# What the task asks
The lines needed run from the one that contains "LH/RH Front Door" through the end of the material below, both included; write them out exactly, with no pictures.

= Beginning of Section =

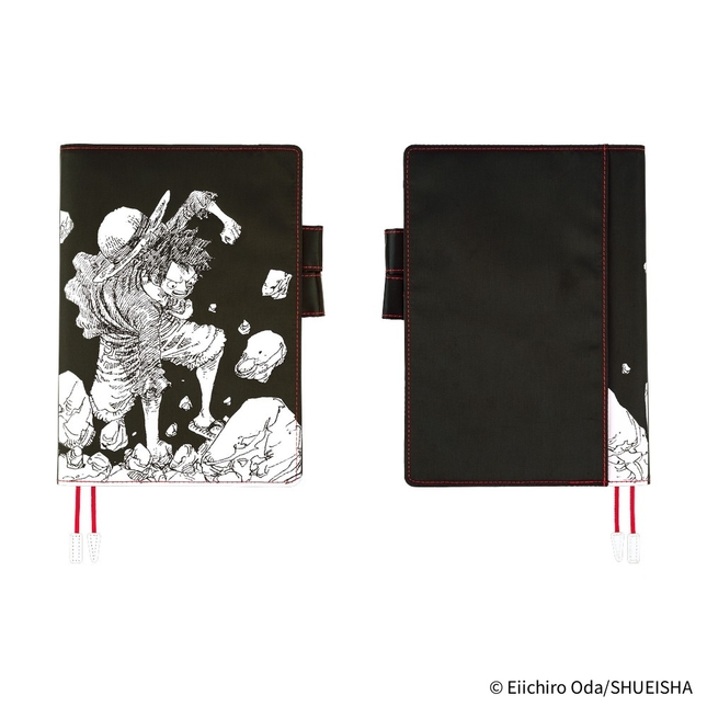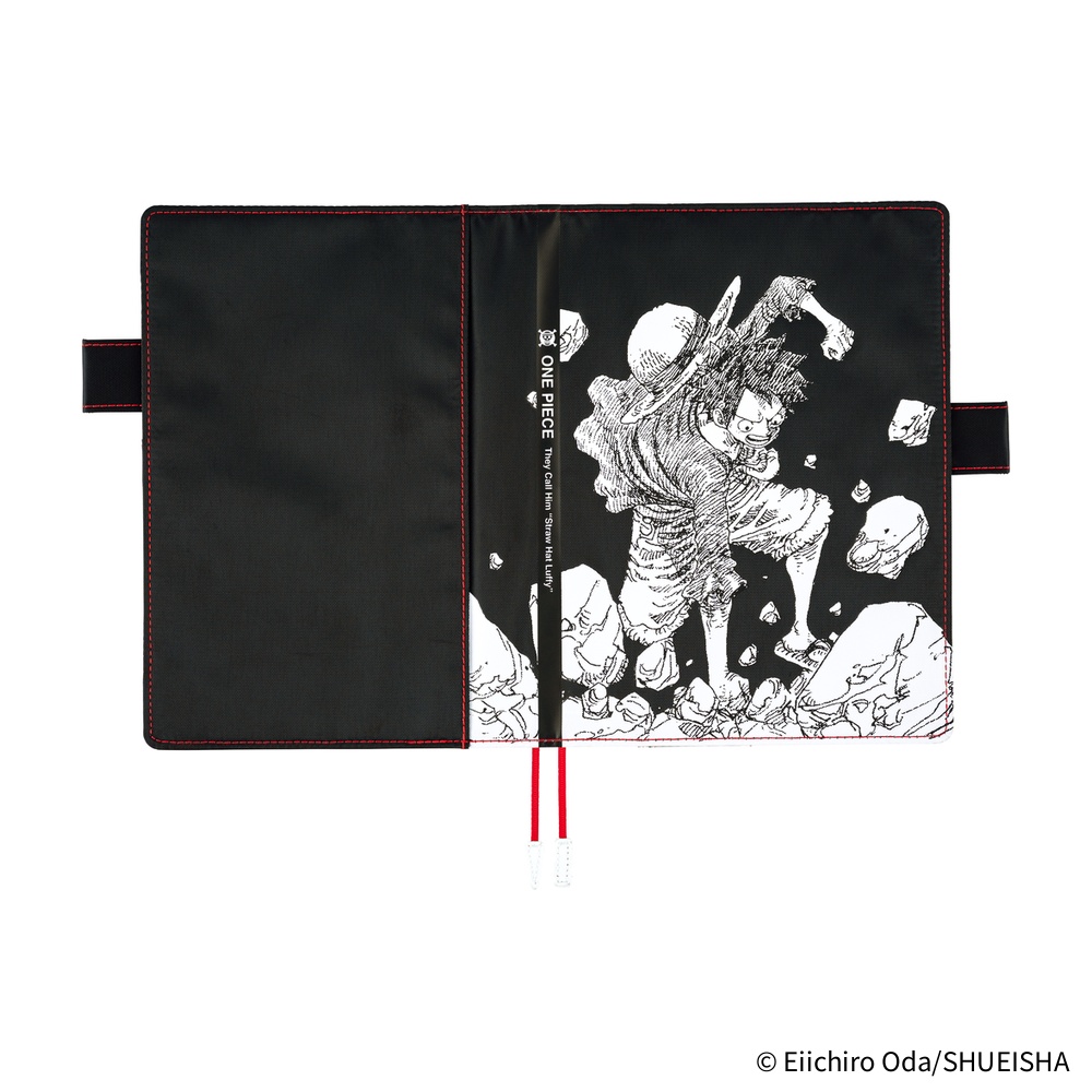 A5 black cover in collaboration with ONE PIECE magazine. Features silk-screen Luffy illustration, red stitching, book-like spine with quote, Gear Second interior, and hidden words in the back pocket.
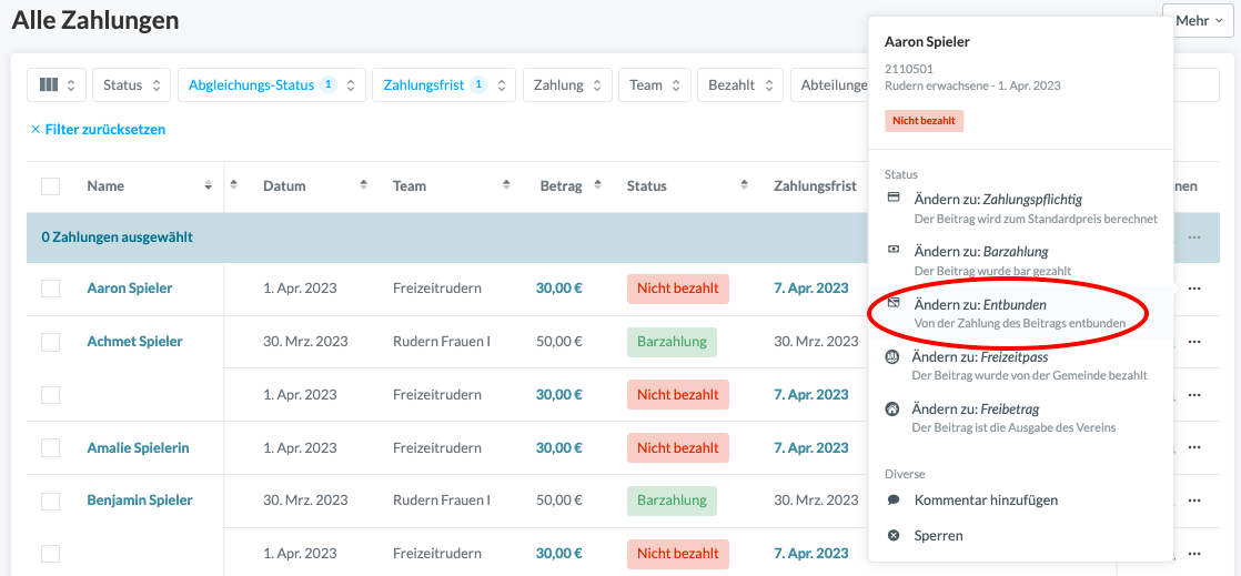 Du kannst außerdem überprüfen, ob der Vorgang korrekt durchgeführt wurde, indem du in Kommende Zahlungen gehst. Hier ist das Mitglied nun als Entbunden in der Spalte Status ersichtlich.
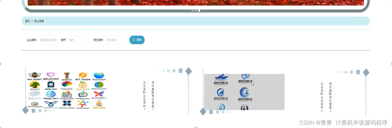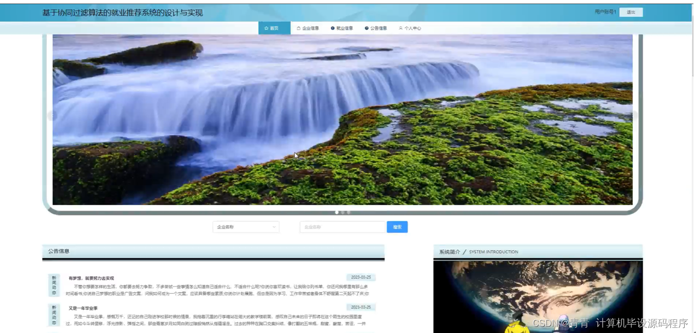当人们打开系统的网址后,首先看到的就是首页界面。在这里,人们能够看到首页、企业信息、就业信息、公告信息、个人中心等内容,还能看到系统的搜索栏、轮播图、推荐信息等。系统首页界面如图5-1所示:
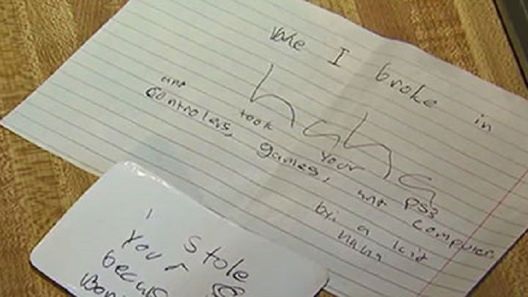 أورد موقع KHOU الإلكتروني المحلي أن طفلا نهب منزلا في جنوب غرب هيوستن، وترك ورقة علل فيها دوافع تصرفه هذا مع ورقة أخرى تحتوي على قائمة الأشياء المسروقة من المنزل.
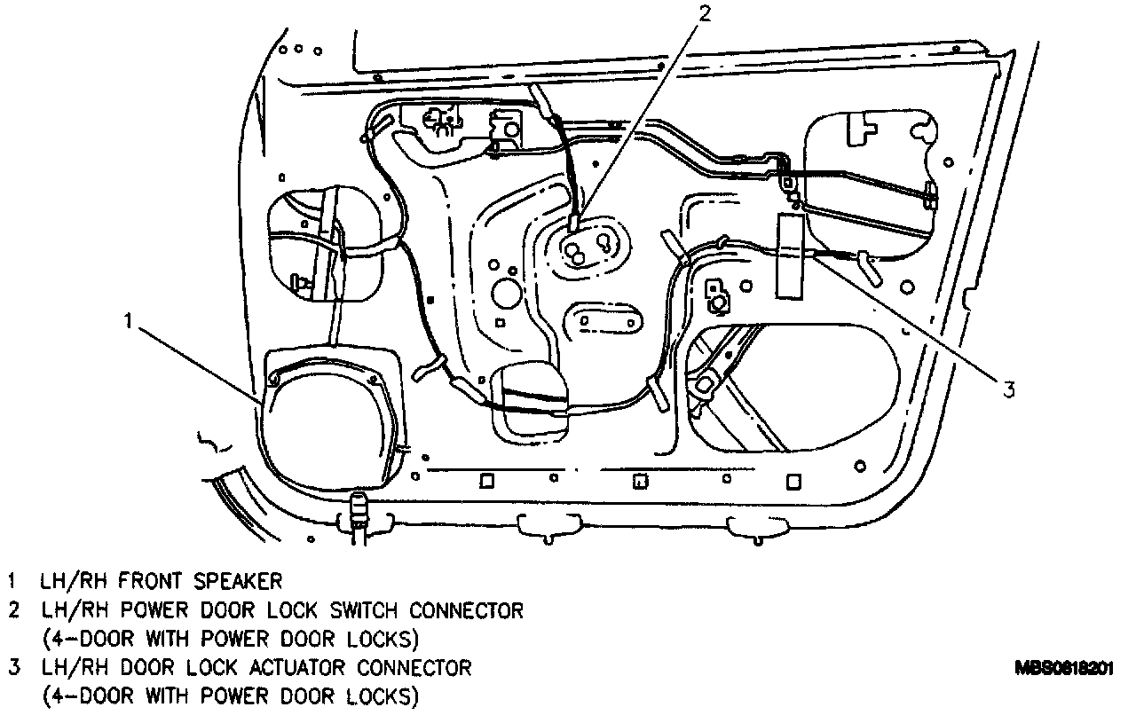 LH/RH Front Door Wiring (Four-Door Shown Two-Door Similar):
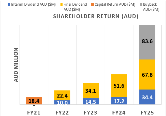Note: Buyback of A$83.6M includes transactions in FY26, up to the date of this report.
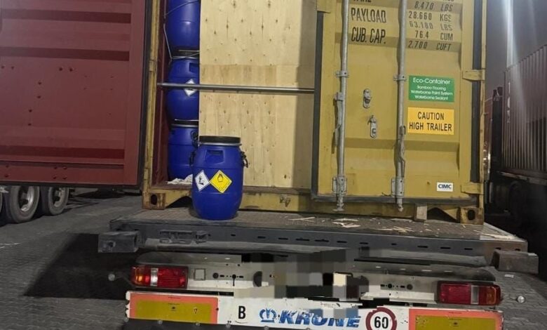 به گزارش روودا، سازمان گذرگاه‌های عراق در بیانیه‌ای اعلام کرد مدیریت بندر ام‌قصر دو کانتینر را در خارج از محوطه گمرک بازرسی کرد که حاوی ماده شیمیایی پودری شکل بودند. این ماده شیمیایی در بشکه‌هایی آماده برای قاچاق به داخل کشور بود ولی برخلاف اظهارات اولیه صاحبان محموله، هیچ گونه مجوز امنیتی و مجوز واردات نداشت.
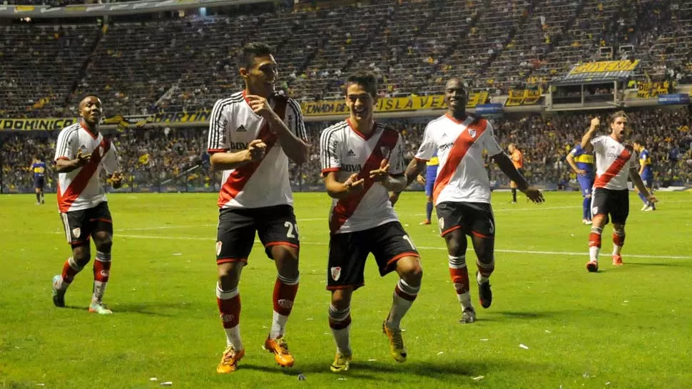 Sin el apoyo de sus hinchas, los jugadores de River inflaron el pecho y se llevaron una victoria histórica desde La Bombonera, donde no ganaban desde el 16 de mayo de 2004. Desde el comienzo tuvieron que aguantar, a solas, las cargadas de los hinchas "Xeneizes", pero poco a poco se las arreglaron para terminar celebrando más que tres puntos en el centro de la cancha. Esta es una selección de los mejores momentos del superclásico que puso a los "Millonarios" otra vez en la pelea por el título del Torneo Final 2014.
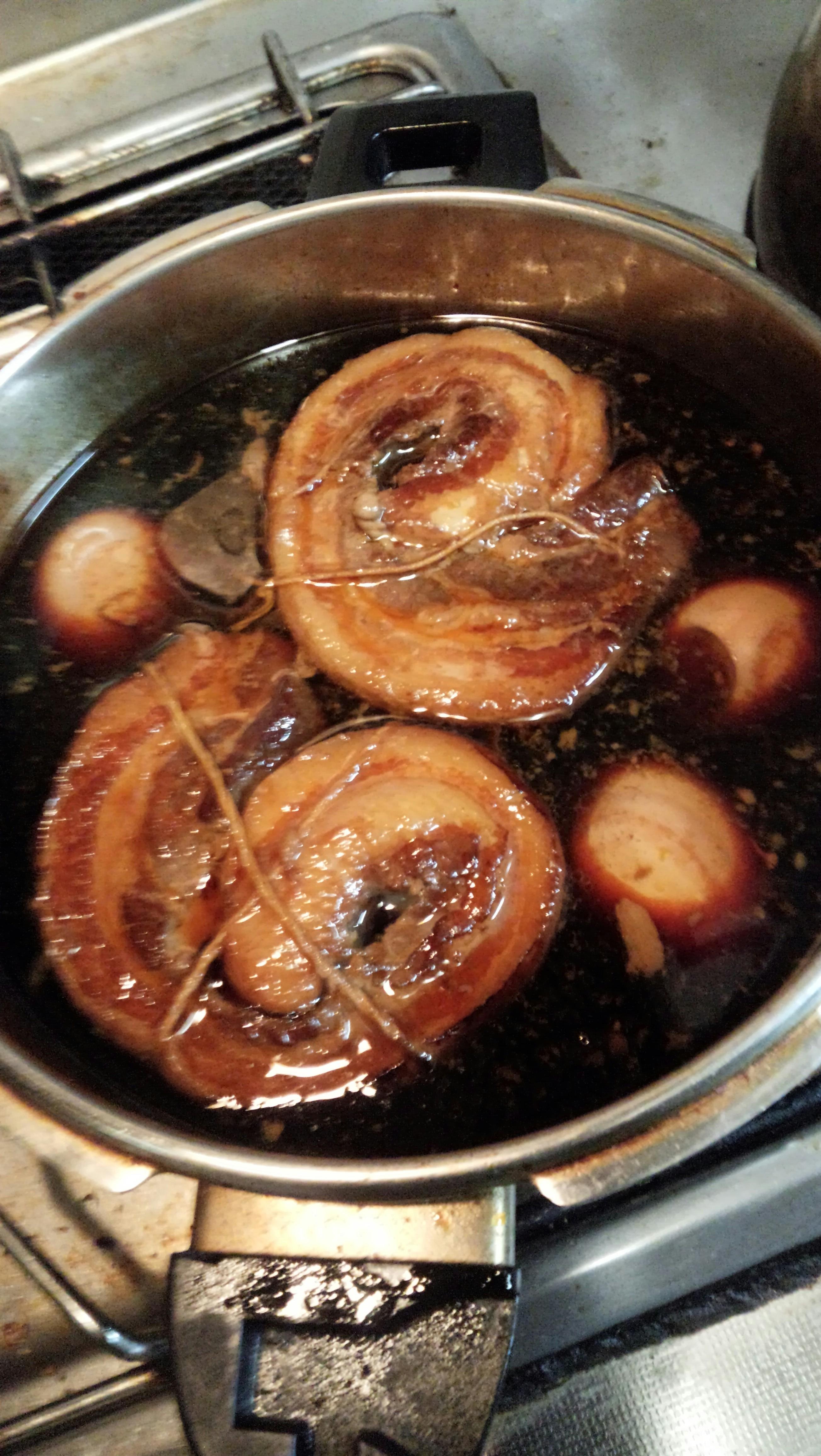 時短で作ると圧力鍋で沸騰10分加圧冷ましてから違う鍋に移して煮詰めて30分タレにとろみがついたら出来上がり・・・・3時間鍋で煮込んでも出来るけど面倒

= End of Section =

# Task output
 LH/RH Front Door Wiring (Four-Door Shown Two-Door Similar):
Note: Buyback of A$83.6M includes transactions in FY26, up to the date of this report.
 به گزارش روودا، سازمان گذرگاه‌های عراق در بیانیه‌ای اعلام کرد مدیریت بندر ام‌قصر دو کانتینر را در خارج از محوطه گمرک بازرسی کرد که حاوی ماده شیمیایی پودری شکل بودند. این ماده شیمیایی در بشکه‌هایی آماده برای قاچاق به داخل کشور بود ولی برخلاف اظهارات اولیه صاحبان محموله، هیچ گونه مجوز امنیتی و مجوز واردات نداشت.
 Sin el apoyo de sus hinchas, los jugadores de River inflaron el pecho y se llevaron una victoria histórica desde La Bombonera, donde no ganaban desde el 16 de mayo de 2004. Desde el comienzo tuvieron que aguantar, a solas, las cargadas de los hinchas "Xeneizes", pero poco a poco se las arreglaron para terminar celebrando más que tres puntos en el centro de la cancha. Esta es una selección de los mejores momentos del superclásico que puso a los "Millonarios" otra vez en la pelea por el título del Torneo Final 2014.
 時短で作ると圧力鍋で沸騰10分加圧冷ましてから違う鍋に移して煮詰めて30分タレにとろみがついたら出来上がり・・・・3時間鍋で煮込んでも出来るけど面倒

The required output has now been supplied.